Invalidation of items is done by setting the timestamp in the past. The entry will stay available in RAM, but when the service tries to load it it will detect it as an invalid entry. This allows Drupal to recreate the entry, which will then overwrite the cache entry in Memcache.
Conclusion: when you clear all cache with Memcache installed, you will not remove all keys in Memcache but simple invalidate them by setting them with an expiration time in the past.
Optimizing your Memcache setup
Simply using Memcache will not always mean that your site will be faster. Depending on the size of your website and the amount of traffic, you will need to allocate more RAM to Memcache.
How best to define this amount? If you know how much data is currently cached in MySQL, this can help to summarize the sizes of all cache tables and check how much of these tables are then configured to go into Memcache.
Let me give an example: consider a 3GB cache_render table and a 1GB cache_dynamic_page_cache table, resulting in 4GB of data that would be offloaded to Memcache. Starting with a 4GB RAM setup for Memcache would give you a good start.

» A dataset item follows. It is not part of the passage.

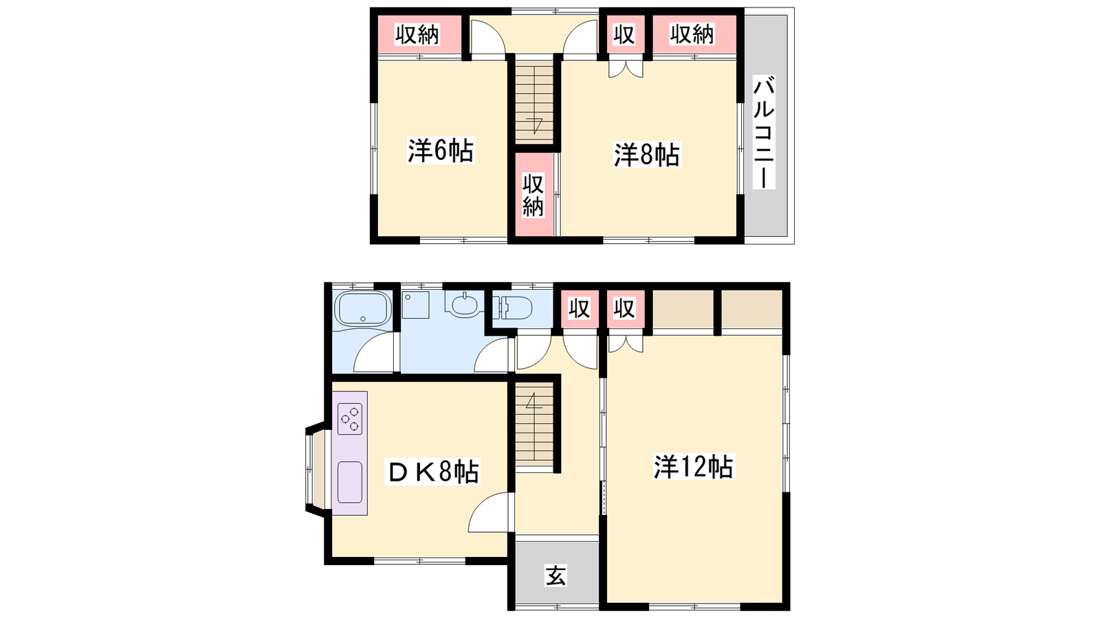 - DK8帖、洋室12帖、洋室8帖、洋室6帖

But how can you check if this setup is sufficient? There are a few simple rules to check if you have assigned sufficient -or perhaps too much - RAM to Memcache.
- If your evictions are increasing, meaning that memcache is overwriting keys to make space. And your hit rate is lower than 90% and dropping, you should allocate more memory.
- If your evictions are 0 but the hit rate is still low, you should review your caching logic. You are probably flushing caches to often or your cached data is not reused, meaning that your cache contexts are too wide.
- If your evictions is at 0 and your hit rate is 90 and higher, and the written bytes in memcache is lower than the allocated RAM, you can reduce the amount of RAM allocated to Memcache.
It is very important that you never assign more RAM than available. If your server needs to start swapping, the performance will drop significantly.
Conclusion
If you are considering using memcache for Drupal, you need to think a few things through in advance:
- Which cache bins will be offloaded into Memcache? Only offload cache tables that do not depend on an cache entry.
- Does the site has a lot of traffic and a lot of content? This will result in larger render cache tables.
- The amount of RAM allocated to Memcache, depending on the amount available on your server and the size of the cache bins you offloaded to Memcache.
Also keep in mind that the allocation of RAM for Memcache is not a fixed configuration. When your website grows, the cache size grows with it. This implies that the amount of necessary RAM will also increase.